418_UOVA FATALI ; Italia, 1977Regia di Ugo Gregoretti.

Bizzarra ed imprevedibile trasposizione televisiva dell’omonimo romanzo di fantascienza di Michail Afanas'evič Bulgàkov, Uova fatali è uno sceneggiato di Ugo Gregoretti. Il libro non era certo semplice da rappresentare sullo schermo, soprattutto per i mezzi tecnici della Rai degli anni settanta; Gregoretti ci mette estro e fantasia. In effetti il merito che viene maggiormente riconosciuto al suo lavoro in Uova fatali è l’avveniristico uso del chroma key, che permetteva, in soldoni, di inserire un’immagine in movimento in un’altra immagine in movimento. Al di là di queste soluzioni francamente un po’ empiriche, Uova fatali è da ricordare prevalentemente per la curiosa storia fantascientifica di Bulgàkov, per il timbro scanzonato ma genuino della produzione televisiva e per l’interpretazione di Gastone Moschin, nei panni del professor Persikov. Il racconto di Bulgàkov è del 1925 e vi si può leggere un’interpretazione tecnologica dei classici meccanismi del racconto fantastico: per esempio, può essere inteso come una sorta di aggiornamento della vicenda di Frankenstein, nella quale si cercava di ridare vita ad un essere inanimato. Qui, grazie al misterioso, e fortuitamente scoperto, raggio rosso, si accelera e aumenta lo sviluppo delle uova. La vicenda è grottesca, uno sberleffo alla dittatura comunista che si illudeva, con il progresso tecnologico sotto l’egida del partito, di riuscire a costruire una società vitale e perfetta. Bulgàkov ha un intento satirico: del resto, il raggio che rinvigorisce, che ridà la vita, è rosso come le bandiere del partito. Il raggio ha un effetto miracoloso, ma saranno proprio i suoi effetti che, per un banale errore di consegna nelle spedizioni, scateneranno l’orrore. 

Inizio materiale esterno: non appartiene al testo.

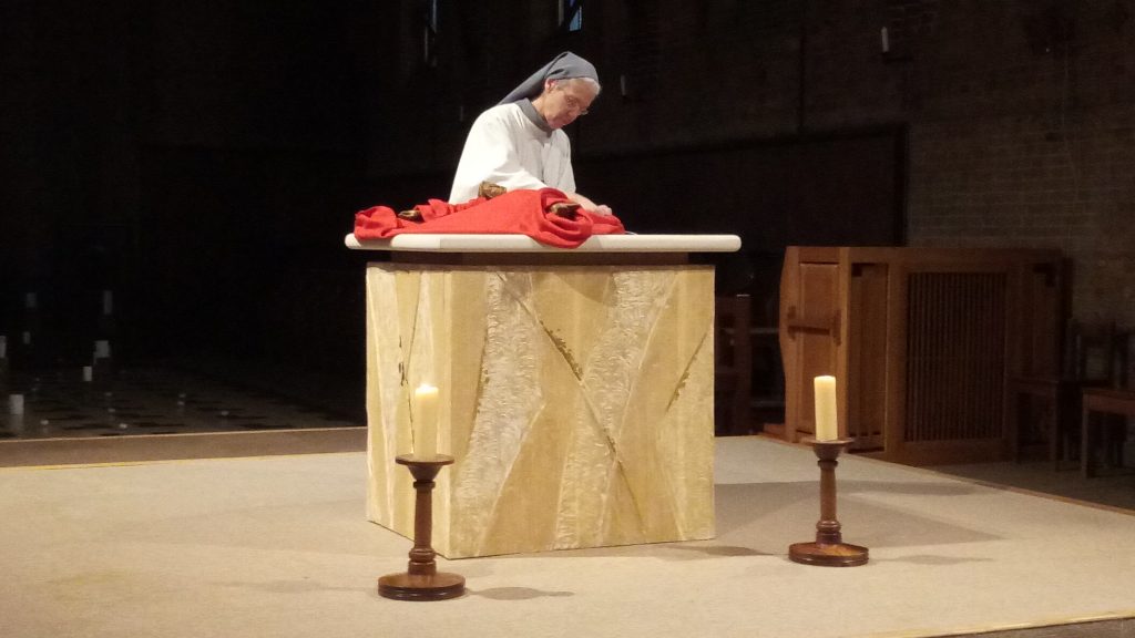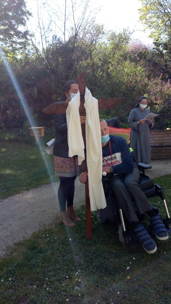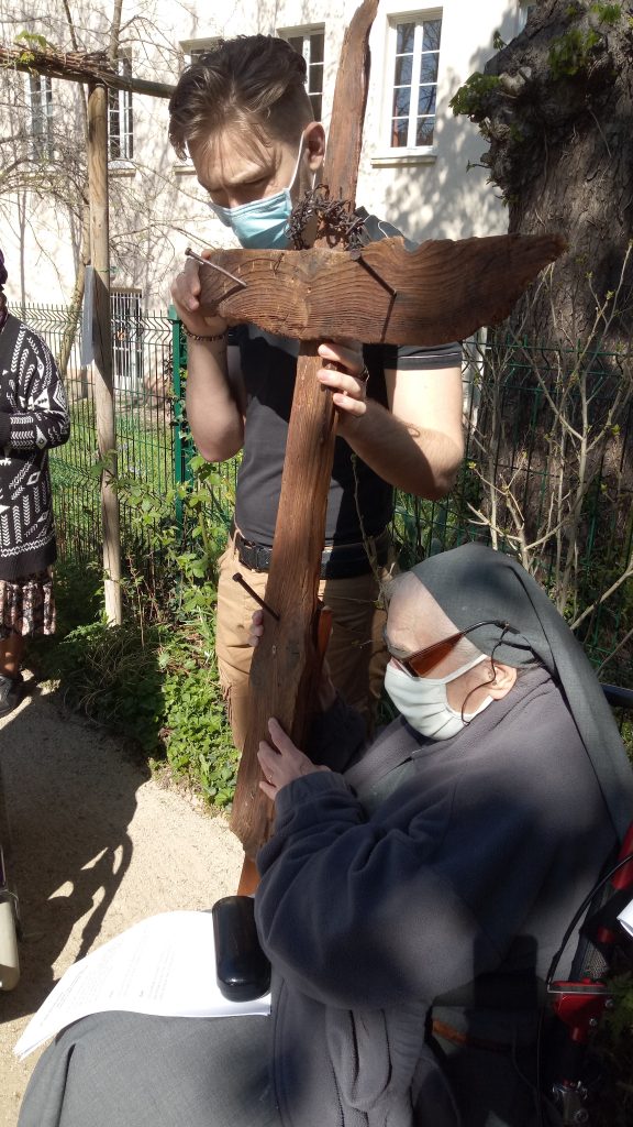 Tous et toutes consolent le Fils de Dieu sur son chemin de passion traversé par l’humanité d’hier et d’aujourd’hui.. Le Christ a saisi leurs mains et nous extirpe avec eux du creux de l’enfer. Au carrefour du salut, sur le Golgotha, les trois croix sont toujours plantées, l’une porte la marque de l’espérance. La croix redevient un arbre de vie sur lequel s’est endormi le Maître et le Seigneur … un arbre qui retrouve ses fleurs et pour l’heure nous invite à la patience, à la contemplation.
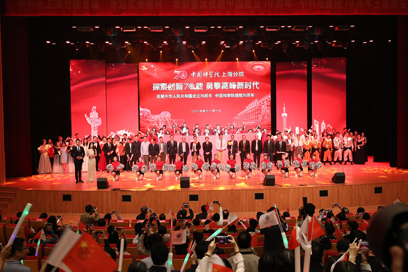 为庆祝中华人民共和国成立70周年和中国科学院建院70周年,推进“不忘初心、牢记使命”主题教育,11月1日晚上,中科院上海分院举行“探索创新70载,勇攀高峰新时代”庆祝新中国成立70周年中国科学院建院70周年主题晚会。中国科学院原副院长、上海分院原院长、上海科技大学校长江绵恒,中国科学院原副院长、上海张江综合性国家科学中心常务副主任施尔畏,中科院院士、上海交通大学常务副校长丁奎岭,中科院院士、上海科技大学党委书记、中科院上海高研院院长李儒新,上海市科技党委副书记侯继军以及中科院直属机关党委、上海市总工会、上海市科技党委有关负责同志,上海分院领导班子成员、各单位领导班子成员、广大科技工作者和研究生等共1000余人参加主题晚会。

Gregoretti cavalca la deriva surreale innestando innovazioni come il citato chroma key, all’epoca certamente stupefacente in senso tecnico, ma non per questo sullo schermo credibile in senso assoluto. A salvare la funzionalità di un simile espediente è proprio l’atmosfera scanzonata che si respira nello sceneggiato. In cui Moschin, come detto, gigioneggia mantenendo viva l’attenzione dello spettatore anche quando la storia si perde un po’ nelle sue bizzarre divagazioni. Insomma, nell’insieme, una produzione certamente originale, simpatica e, a suo modo, anche coraggiosa.